自分がなかなか泣けないので、チャコはいつまでもそうしていた。泣いてから作業を始めることに決めていた。後で泣くとやめる潮時が判らないからだ。だがそうすると今度は泣いたら最後と思えて、どうも凡てが難しかった。
ニゴーの一頭が二頭を押し退けチャコの方へと振り返った。ニゴーの青い二つの目がチャコの鼻を覗き込んだ。ようやくチャコは鼻が痛く熱くなってきた。目玉が腫れて飛び出しそうだった。
気付くともう夕暮れだった。
泣き終えたチャコは風呂桶に浸けておいた鋸を掴むと、自分を見上げるニゴーの首に歯を当て、ゆっくりゆっくりそれを落とした。一頭が済むと後の二頭も順番に屠った。凡て終わった頃にも、三つの顔と三つの体は、どれももぞもぞ動いていたが、部屋が夜空に沈む頃には、ようやく静かに眠りに就いた。
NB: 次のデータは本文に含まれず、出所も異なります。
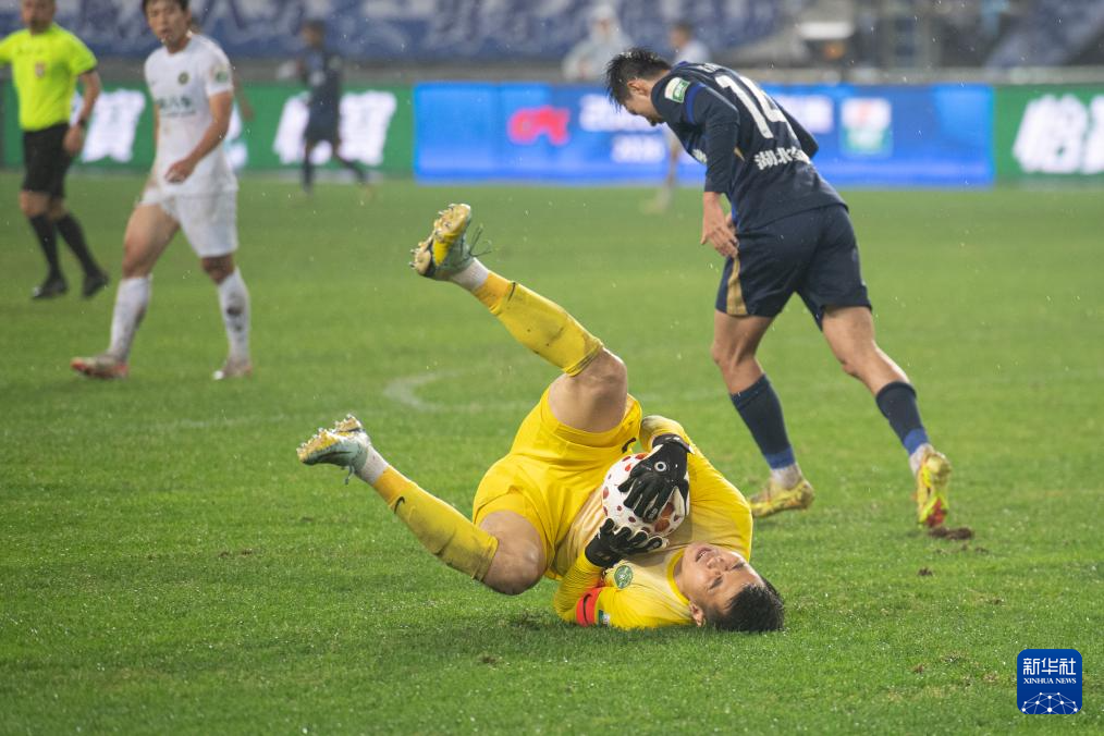 4月21日,浙江俱乐部绿城队守门员赵博(前)在比赛中扑救险球。
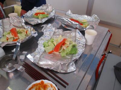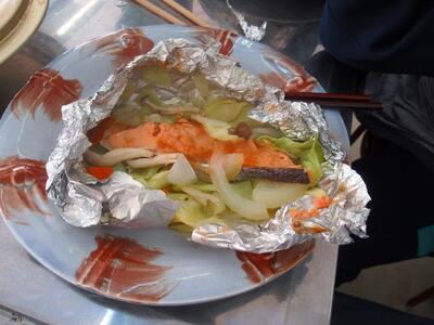 授業の様子 投稿日時 : 01/26 物部中 今日は、1年生の調理実習がありました。 学校支援ボランティアさんのご協力もいただいて、おいしい魚の調理「さけのアルミホイルちゃんちゃん焼き」に挑戦しました。
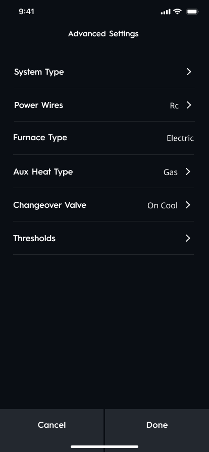 - Power Wires: Allows you to select the power wires currently connected to your thermostat. Selecting the incorrect power wires can damage or cause your equipment to function incorrectly.
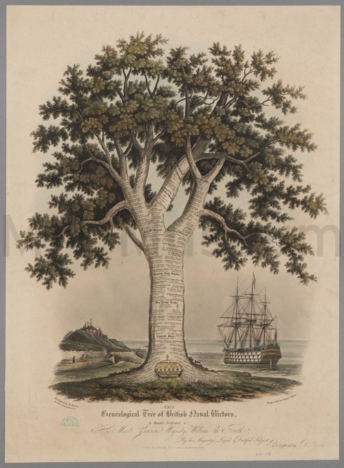 This Genealogical Tree of British Naval Victors... Hand-colored aquatint of a large tree overlooking the sea with the names …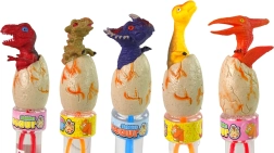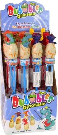 Jede Flasche hat eine längliche Form mit einem Deckel in Form von Dinosauriern im Ei. Es stehen 6 Varianten zur Verfügung (Pterodaktylus, T‑Rex, Triceratops, Stegosaurus, Brachiosaurus, Ankylosaurus) in verschiedenen Farben. Die Flüssigkeit ist farblos und gemäß CE/EN 71 für eine sichere Verwendung zertifiziert.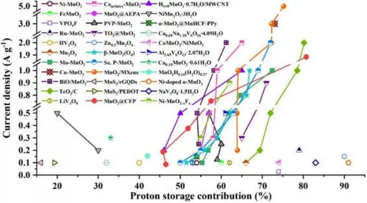 图3已报道的具有H+/Zn2+共嵌入反应机理的无机正极材料中的质子存储贡献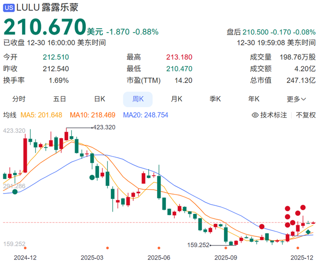 更惨的是,今年以来Lululemon的股价已经跌了超46%,市值直接蒸发了超200亿美元。
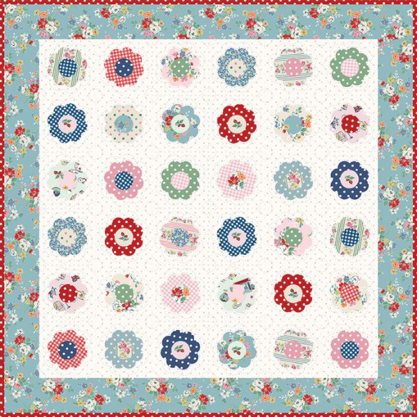 Charm Posies Quilt Kit, Cath Kidston Signature Collection includes all the fabrics for the quilt top, binding, and the pattern.
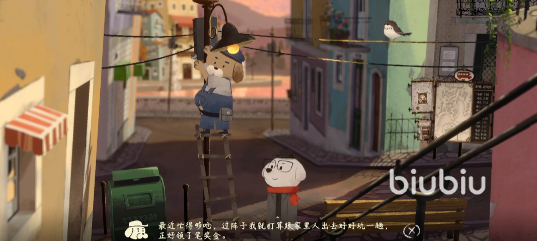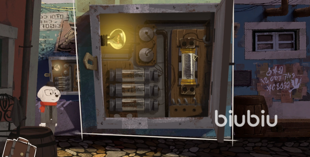 之后去往河边,可以在路边看到另一个电箱,这里还有个修理的工人,与之对话,他说他要着急回家吃饭,准备下班了,等他走了之后,再将电箱打开,拿出里面的保险丝,然后装在第一个电箱里面,这样电力就回复正常运行了。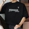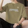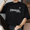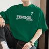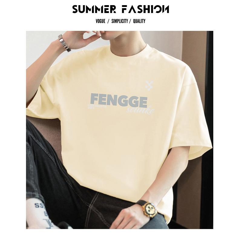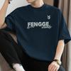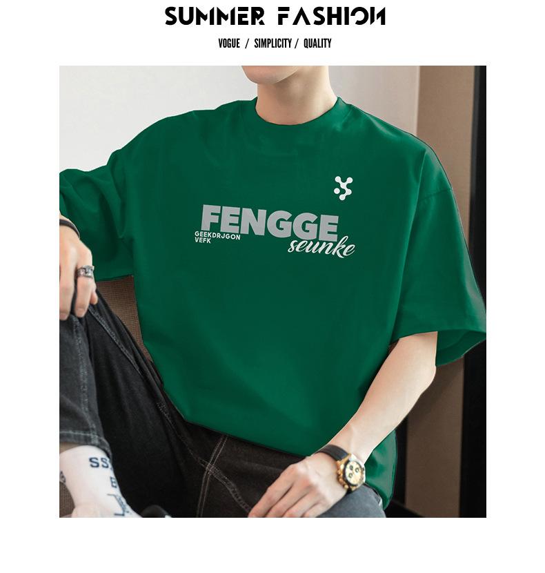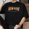 Camiseta americana de algodón de manga corta con cuello redondo y estampado de marca de moda para hombre, 260 g, de algodón pesado, de media manga.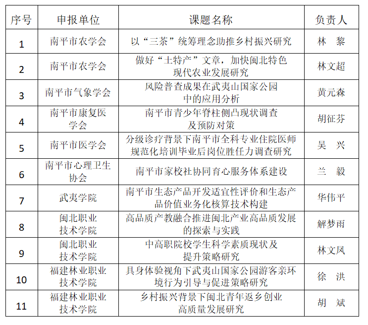 根據(jù)《關(guān)于組織開展2023年南平市科協(xié)科技智庫(決策咨詢類)課題調(diào)研的通知》(南科協(xié)〔2023〕14號)精神,市科協(xié)黨組對各市級學(xué)會(協(xié)會、研究會)、高校科協(xié)申報的課題進(jìn)行了研究,擬定2023年南平市科協(xié)科技智庫(決策咨詢類)課題調(diào)研立項項目11個,現(xiàn)公示如下: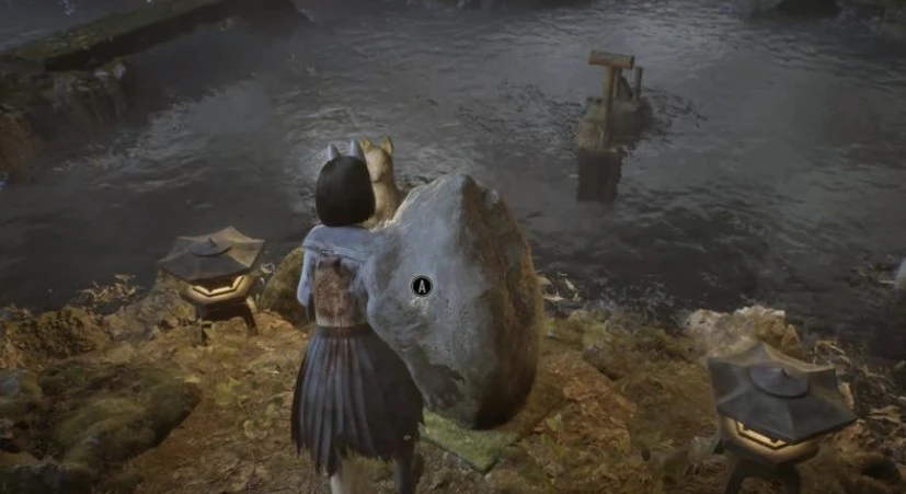 Второй колокол находится на небольшом островке рядом с каменной плитой с инструкциями. Добраться до него можно, осторожно переходя по выступающим камням. Символ воды воплощает очищение и течение, вводя второй элемент в последовательность, необходимую для гармоничного перехода.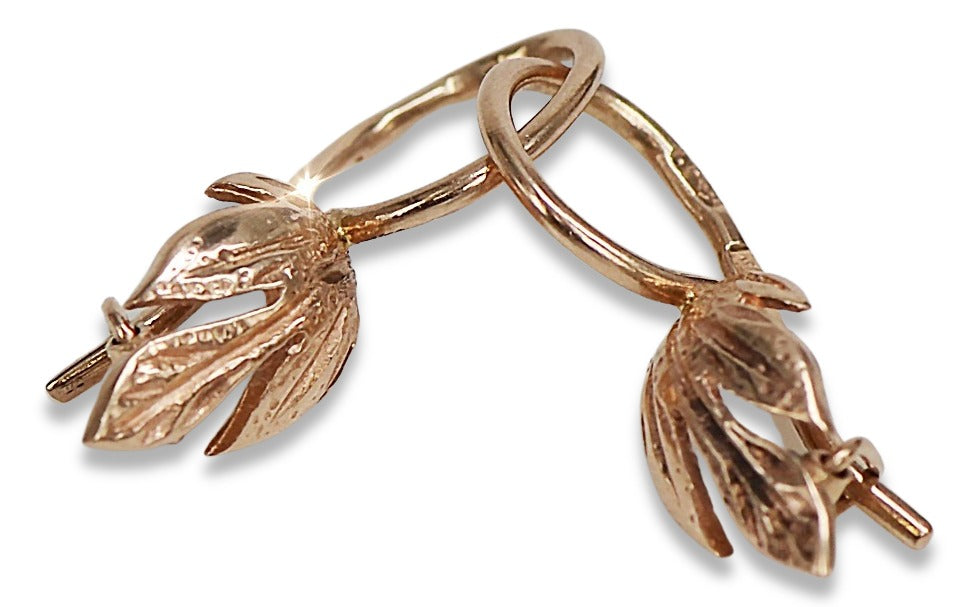 Vintage rose pink 14k 585 gold Vintage leaf earrings ven210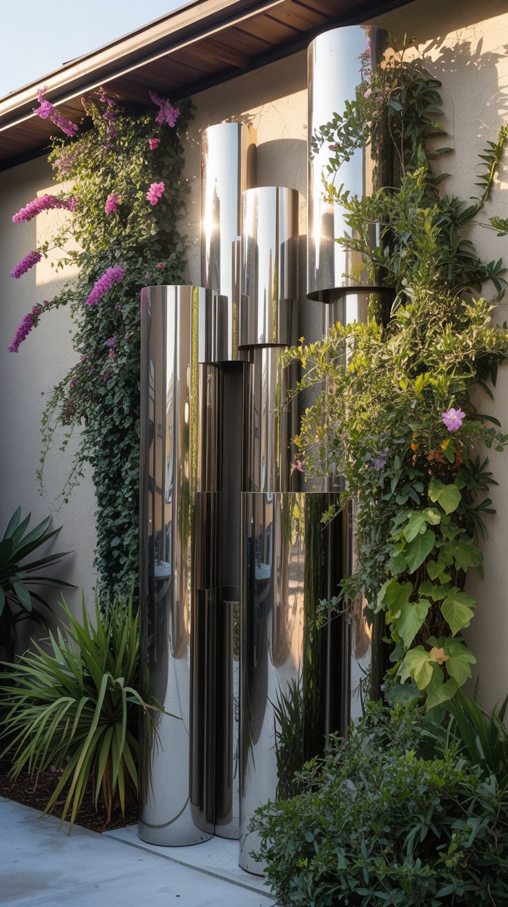 The cylindrical and adjustable reflective mirrors both glare and are heatproof. Fix these mirrors onto a framework for planting plants and flowers to give you an eye-catching show of light during the day and night. Get these mirrors from amazon.

チャコは浴槽の湯を抜き、洗わずに新しい湯をそこに張ると、真っ赤な服ごと肩まで浸かった。濡らさぬように帽子は被ったままだった。溢れたお湯に運ばれて、ニゴーの首が三つとも少し浮いた。
風呂桶の中から左腕を伸ばして、チャコは壁のスイッチを探した。
見つけたそれを、かちりと押すと、チャコの部屋は眩しく広がった。
そして、幾数十羽はいるであろう、夜空のように黒い大きな蝉たちが、天井一面に重なり合って、何百の星のような小さな目で、黙って自分たちを見下ろしていたことに、その時ようやくチャコは気付いた。